The overall goal is to integrate package management as seamlessly as possible into the existing go command and standard toolchain, so that most users reap the benefit of versioned packages without making an effort to do so. A consequence is that, instead of introducing an separate, parallel command set, we want to redefine existing command idioms and workflows to take advantage of package management. For example, instead of having new commands that are “go get for versioned code”, we want to migrate known idioms like “go get” and “go get -u” to work sensibly in a versioned environment.

Semantic versioning

The approach to package management described here depends on semantic versioning (semver.org), as do package managers for most languages today.

Semantic versioning is a particular format for and interpretation of source code version numbers. Semantic versions are always of the form X.Y.Z where X, Y, and Z are decimal numbers. If two versions of a package have the same X.Y, differing only in Z (for example 1.2.3 vs 1.2.4), the only changes in the newer version should be bug fixes. If two versions of a package have the same X but differ in Y (for example 1.2.3 vs 1.3.1), there may also be new features or other important changes in the newer version, but only backwards-compatible ones. If two versions of a package differ in X, there are no guarantees: the newer package may have backwards-incompatible changes and in fact may not resemble the older package in any way other than having the same name (for Go, the same import path).

By the semantics of the version numbers, it should always be safe to replace version X.Y1.Z1 of a package with version X.Y2.Z2 of the same package provided Y2 > Y1 or else both Y2 == Y1 and Z2 >= Z1. When X = 0, different (yet to be determined) rules apply. Go’s approach to package management will require that package authors honor these semantics.

Unfortunately, semantic versioning fails to capture “how breaking” a change is: removal of or a breaking change to some little-used feature that is expected to affect very few existing clients is treated the same as a complete API rewrite. Even for the mostly-non-breaking case, semantic versioning demands that X be incremented, so that if the old version is 1.2.3, the new version must be 2.0.0, because the new version is not strictly backwards compatible with 1.2.3. The expectation of Go’s package management system is that increments of X will typically be for this kind of change and that, for the most part, package authors will not break large numbers of clients without very good reason. Also, package authors might choose to wait until a large number of these small breaking changes have accumulated before issuing them all together as a single 2.0.0, instead of allowing the sequence to force the creation of 3.0.0, 4.0.0, and so on.

Versioned source code

The go command to date has not made any attempt to track versions of source code, and certainly not to allow having two different versions active in a workspace at a time. That needs to change: we might want to reproducibly build two different commands, one that uses v1.2 of a package and one that needs v1.3 or even v3.4 of a package, and we want those two separate builds to be possible in a single workspace.

The unit of versioning is the version control repository (for example, a Git repo).
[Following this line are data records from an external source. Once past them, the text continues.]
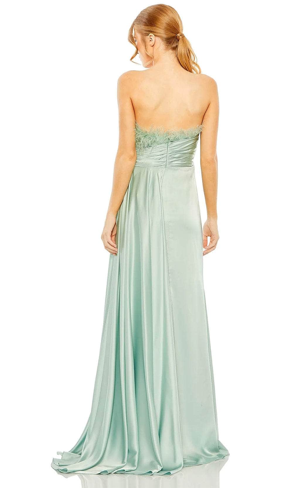 Brave the evening with temptress gorgeousness and poise by wearing this Mac Duggal 11690 masterpiece. The gown strapless design allows you to showcase your shoulders beautifully, and the straight across neckline has soft feathers for a glamour touch. The open detailing at the back exposes a sight of your skin, with a zipped-up closure for a great fit. Ruched design on the bodice elevates your curves. Heightened with the side drape and thigh-high slit, the skirt finishes in an A-line silhouette that hits the floor sweeping train. This Mac Duggal 11690 creation is ideal for making a fashionable entrance at any event. Model is wearing SeaFoam color.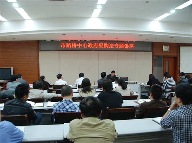 为加强政府采购政策法规的学习,加大路桥中心贯彻落实《政府采购法》工作力度,2014年4月10日下午,路桥中心举办《政府采购法》专题培训,邀请武汉市财政局政府采购办主任冯绮授课。中心领导班子成员、机关各部门负责人、二级单位行政负责人及各单位部门相关人员50余人参加了培训。
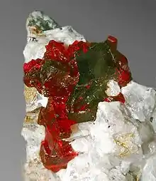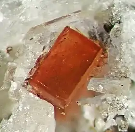 Великий червоний кристал мінералу в материнській породі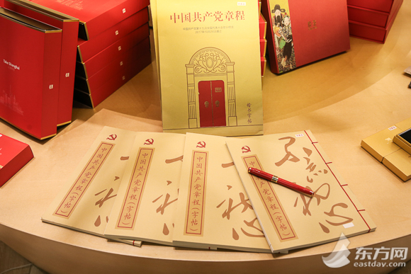 走進(jìn)店鋪,左手邊的樹形展柜擺放著紅色文創(chuàng)系列,今年是新中國成立70周年,開店的首場活動以“中國紅、初心紅”為主題!皹涞吕铩薄俺跣募t”筆記本、《中國共產(chǎn)黨章程(楷書字帖)》、石庫門U盤、“上海解放70周年”膠帶等產(chǎn)品既體現(xiàn)“紅色文化”,又激發(fā)紅色動能!凹t撲撲的”產(chǎn)品視覺上格外喜慶。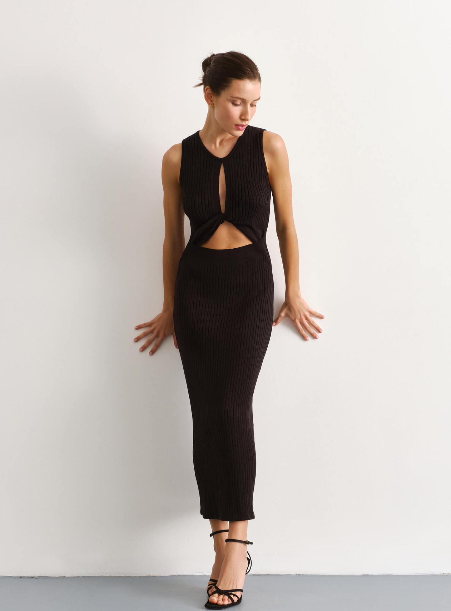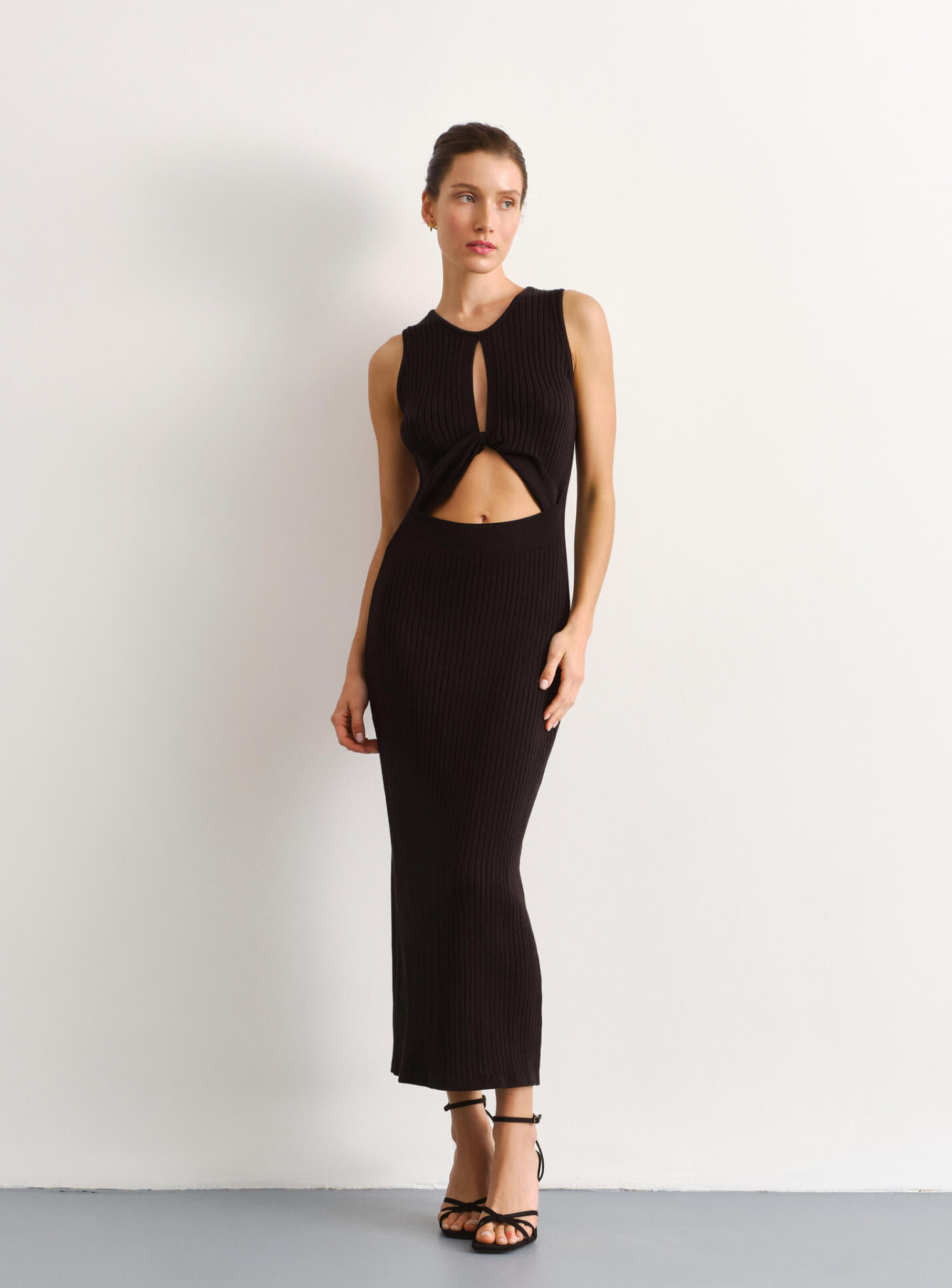 Такое черное платье круглый вырез с открытыми плечами подчеркивает вашу хрупкость и изящность. Оно идеально подойдет для любого события. Платья без рукавов можно сочетать с массивными золотыми украшениями, босоножками на тонких ремешках и каблуке и гладкой прической. Это станет идеальным вариантом для светского ужина, свадьбы или вечеринки. Для дневного времени платье рубчик с разрезами лучше комбинировать с сандалиями и рубашкой оверсайз. Такой образ будет уместным в путешествии или для прогулки. Уникальность модели заключается в сочетании расслабленного трикотажного стиля и вечернего фасона, что позволяет носить его как в отпуске, так и на свидание, всегда оставаясь в центре внимания.
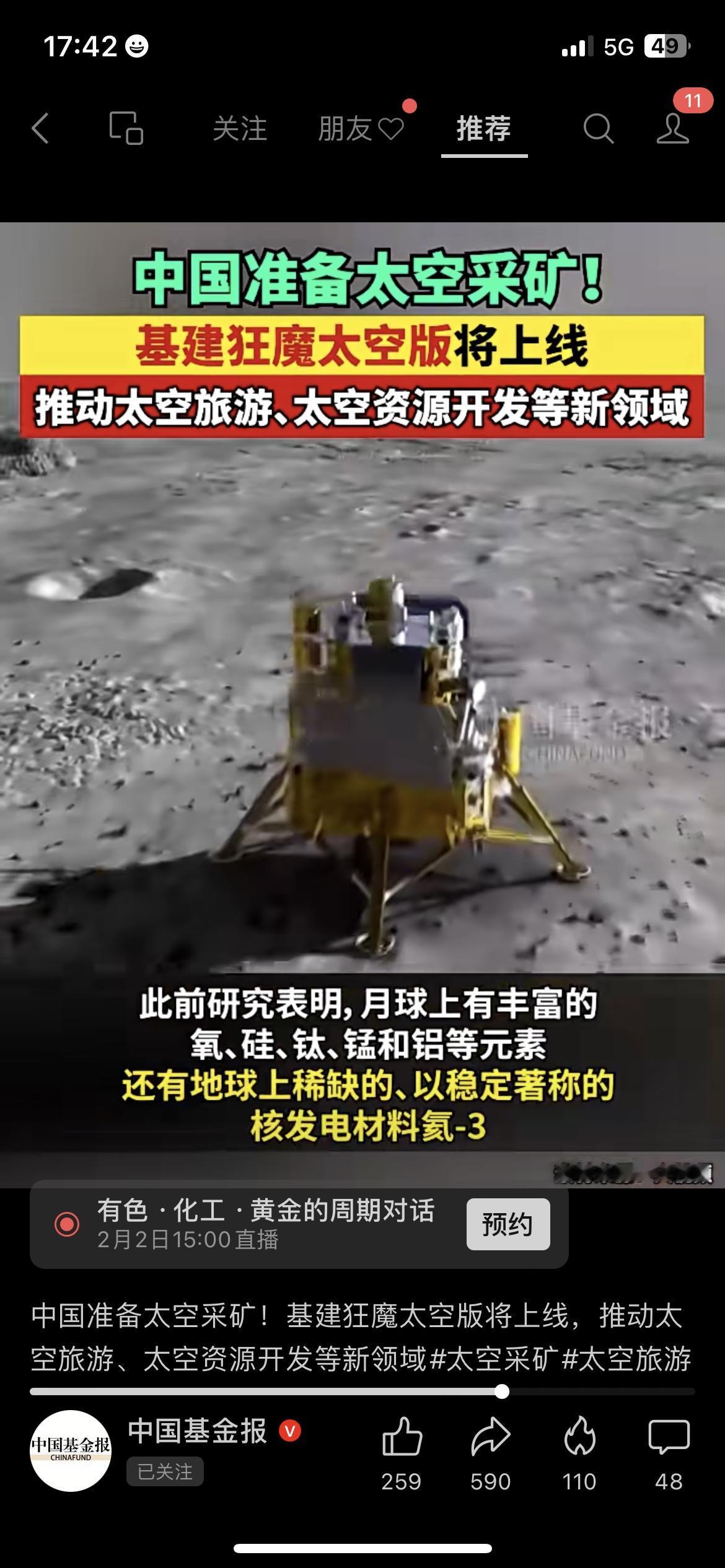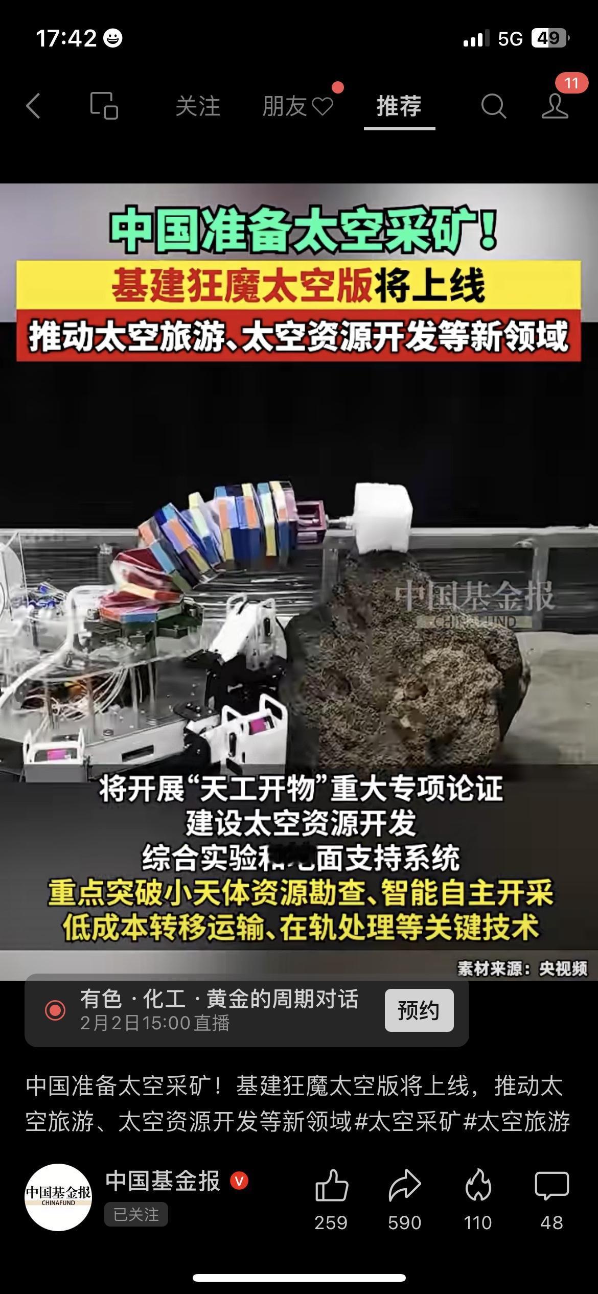 🚀基建狂魔上天了!中国要去太空采矿! 国家要启动“天工开物”专项,搞太空资源开发,目标是月球上的氦-3和稀有金属。我老家做光伏的大伯说,这技术突破了,以后光伏材料成本能降不少,咱们用电也能更便宜。 太空采矿不是科幻,是普通人未来能用上的实惠。 你觉得太空采矿会改变咱们的生活吗? 国家政策 太空采矿
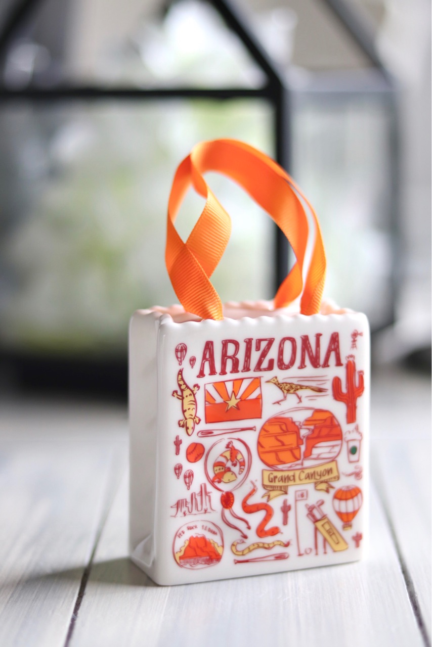 ebayで売られていた商品によると、こちらがカリフォルニア版のショッピングバッグオーナメント↓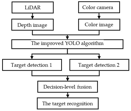 The target detection process based on sensor fusion is shown in Figure 2. After collecting information from the traffic scene, the LiDAR and the color camera output the depth image and the color image, respectively, and input them into the improved YOLO algorithm (the algorithm has been trained by many images collected by LiDAR and color camera) to construct target detection Models 1 and 2. Then, the decision-level fusion is performed to obtain the final target recognition model, which realizes the multi-sensor information fusion.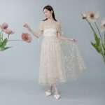 繊細なチュールに、フラワー×パールのチュールを重ねたドレスライクな1枚。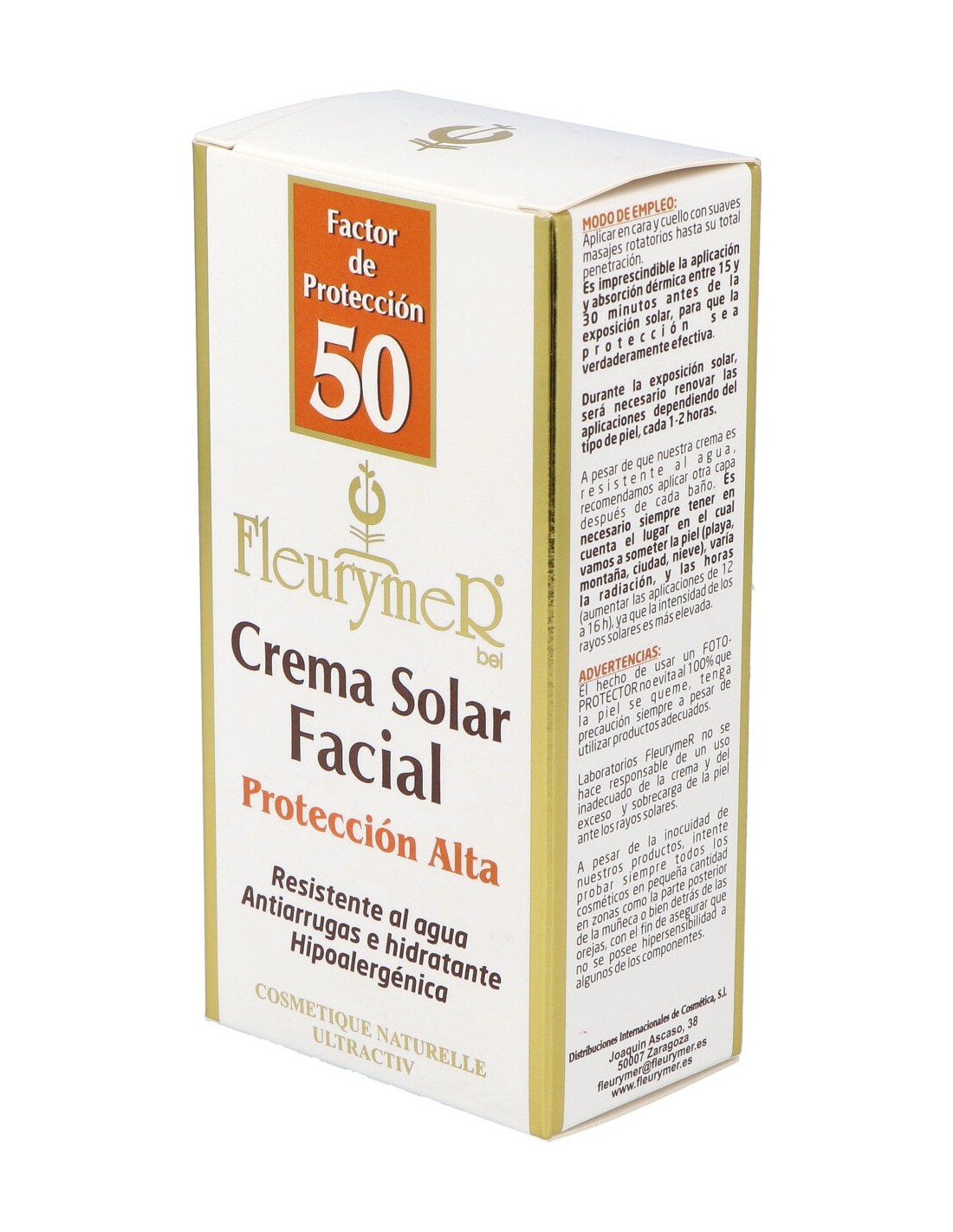 Fleurymer Crema Solar Facial SPF50 80ml es una cema solar para rostro de muy alta protección solar SPF50 y con protección de rayos solares U.V.A., U.V.B., U.V.C. e Infrarrojos.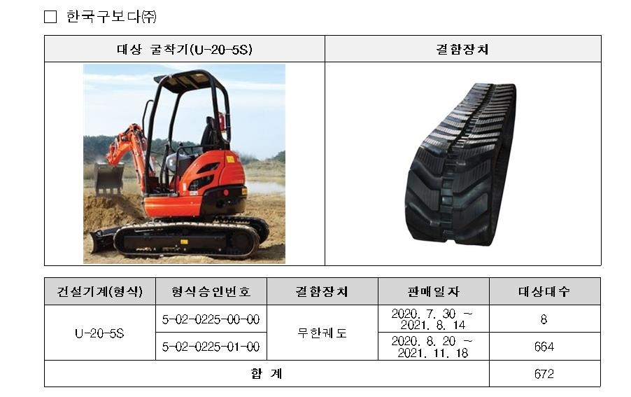 한국구보다가 수입·판매한 굴착기(U-20-5S) 672대는 무한궤도 바퀴 폭이 240㎜로, 형식승인 제원(250㎜)과 달라 리콜을 진행한다.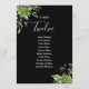These elegant botanical greenery floral wedding table numbers can be personalized with your guests' seating plan set in chic typography on a black background. The cards are printed on the front and back (double-sided). Designed by Thisisnotme©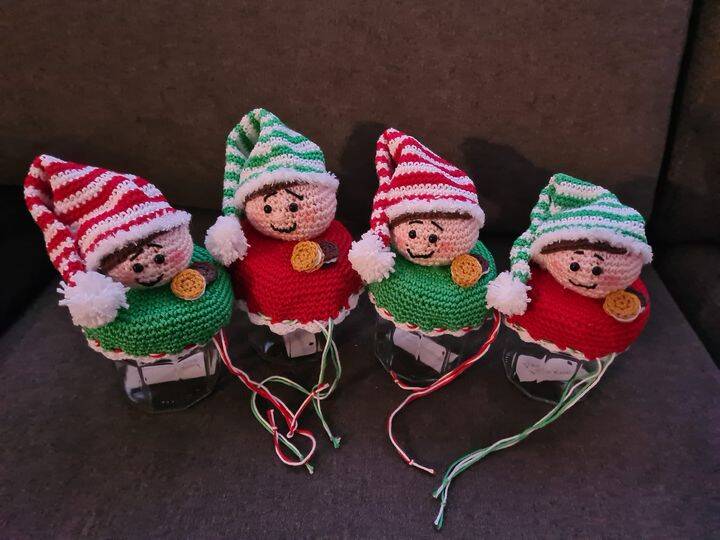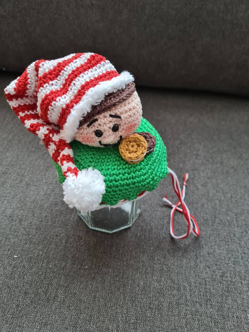 kerstman gehaakt op een glazen potje met kerstkoekjes 8,50

Version numbers are recorded as version control tags named for semantic versions: v1.2.3, where all three numbers are required (the tag must be “v1.2.0” or “v1.0.0”, never “v1.2” or “v1”). Version control tags are expected not to be redefined after being published: once the v1.2.3 tag has been published to mean a particular commit, it should not be redefined to point at a different commit. (The lock file, described below, can double-check that tags don’t move, so that the situation can be detected.)

Versioned snapshots will be stored, unpacked, in GOPATH/vers/repo/path(v1.2.3), which may contain subdirectories, like GOPATH/vers/repo/path(v1.2.3)/sub/dir. The source code is not in GOPATH/src because today code in GOPATH/src is mutable and importable using the path to the directory below src; the versioned code in contrast is immutable and not importable using that kind of path.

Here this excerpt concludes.